After the first Italian victories, German troops were sent to the Italian front in the Dolomites and introduced poison gas, air warfare and a new level of brutality to the war. Germany, once seen as an ambivalent nation by Trieste irredentists, now shared in Austria-Hungary’s infamy.
Too young to work or fight, Emilio spent many days entertaining himself. His lontananza, or natural aloofness, drew him away from the city to the solitude of the Carso. In the broken bone-white limestone wilderness split by gullies full of red sumac, he explored and daydreamed.
“My Carso is a landscape of limestone and junipers,” wrote Slataper. “A fierce cry, turned to stone. Grey boulders stained with rain and lichen, twisted, split, jagged. Dry junipers. Long hours of limestone and junipers. The grasses are all bristles. Bora. Sunshine. The earth is without peace, without continuity. It doesn’t even have any field to spread itself in. Every attempt it makes is all fissured and cloven. Cold caves, lying dark. The water-drop, carrying with it all the soil it has stolen, falls regularly, mysteriously, for a hundred years, and another hundred years.”2
One day in the hot, hungry first week of August 1917, Emilio walked along the dusty road between the Carso and the blue Adriatic, lost in his thoughts. At first, he thought that the figures to the west were a mirage, but then he heard distraught voices. Dozens trudged towards Trieste. Peasant women in kerchiefs cajoled goats or cows. Mothers carried small children. Some pulled donkeys laden with bundles or furniture. The only men were a few unarmed soldiers in dusty uniforms, with crutches or bandaged limbs.
He found a woman carrying two infants and followed by three children. Stress and exhaustion lined her face. The children’s tears made lines on their cheeks.
“What’s happened?” Emilio asked. “Who are all of these people?”
“General Cadorna took Duino, but first he shelled it. We are lucky to be alive. There were many, many dead.”3
She told Emilio that she had no family in Trieste and intended to seek the charity of the church or the authorities.
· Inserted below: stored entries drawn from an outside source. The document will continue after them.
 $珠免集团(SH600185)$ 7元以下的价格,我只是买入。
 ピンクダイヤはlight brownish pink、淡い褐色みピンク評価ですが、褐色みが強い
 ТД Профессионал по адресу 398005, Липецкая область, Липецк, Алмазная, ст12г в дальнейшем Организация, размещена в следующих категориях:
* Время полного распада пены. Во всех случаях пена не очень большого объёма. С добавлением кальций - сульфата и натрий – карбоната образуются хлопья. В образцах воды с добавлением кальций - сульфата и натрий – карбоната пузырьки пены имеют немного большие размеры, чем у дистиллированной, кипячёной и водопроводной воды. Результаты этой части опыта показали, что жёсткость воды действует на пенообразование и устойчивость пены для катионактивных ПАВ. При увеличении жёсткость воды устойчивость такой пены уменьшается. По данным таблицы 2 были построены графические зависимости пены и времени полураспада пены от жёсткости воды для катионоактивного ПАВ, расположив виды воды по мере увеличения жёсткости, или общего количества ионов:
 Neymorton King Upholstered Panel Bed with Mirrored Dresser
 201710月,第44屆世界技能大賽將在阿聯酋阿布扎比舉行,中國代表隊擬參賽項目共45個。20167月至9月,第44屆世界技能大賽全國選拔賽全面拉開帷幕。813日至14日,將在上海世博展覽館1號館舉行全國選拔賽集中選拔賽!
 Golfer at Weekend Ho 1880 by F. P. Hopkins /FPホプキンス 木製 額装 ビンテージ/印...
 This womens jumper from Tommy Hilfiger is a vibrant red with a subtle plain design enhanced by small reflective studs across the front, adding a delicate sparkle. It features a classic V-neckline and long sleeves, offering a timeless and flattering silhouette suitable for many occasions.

Emilio concealed his joy at the thought of the Italian army closing in on Trieste, but he feared for the woman and her children. Trieste already sheltered 10,000 refugees from the northern Carso. Food and shelter were hard to come by. But what if his own mother had been in such a plight? He did the only thing he could, and brought them home.
“Mama,” Emilio said, “these are refugees, they have nowhere to go and they’re hungry, we must take them in.”
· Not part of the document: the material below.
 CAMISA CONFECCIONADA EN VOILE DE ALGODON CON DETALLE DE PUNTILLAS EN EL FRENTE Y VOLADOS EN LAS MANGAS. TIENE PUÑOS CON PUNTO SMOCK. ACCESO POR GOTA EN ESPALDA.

Antonio and Regina already had five mouths to feed. Food, fuel and medicine were strictly rationed. And yet, in the old Mediterranean way, the stranger was seen as a second self, never to be cursed or rejected. The woman and her children stayed with the Comicis until the end of the war, in the autumn of 1918. There was no time limit on the ancient pact of hospitality. Emilio was proud of himself. Life could be sad, but there was hope for Italy, and there were moments, even for a boy in the Carso, to be a hero.
***
Emilio left school at 15 and became a junior clerk at the Port Authority’s Magazzini Generali, the warehouses of the Punto Franco Vecchio.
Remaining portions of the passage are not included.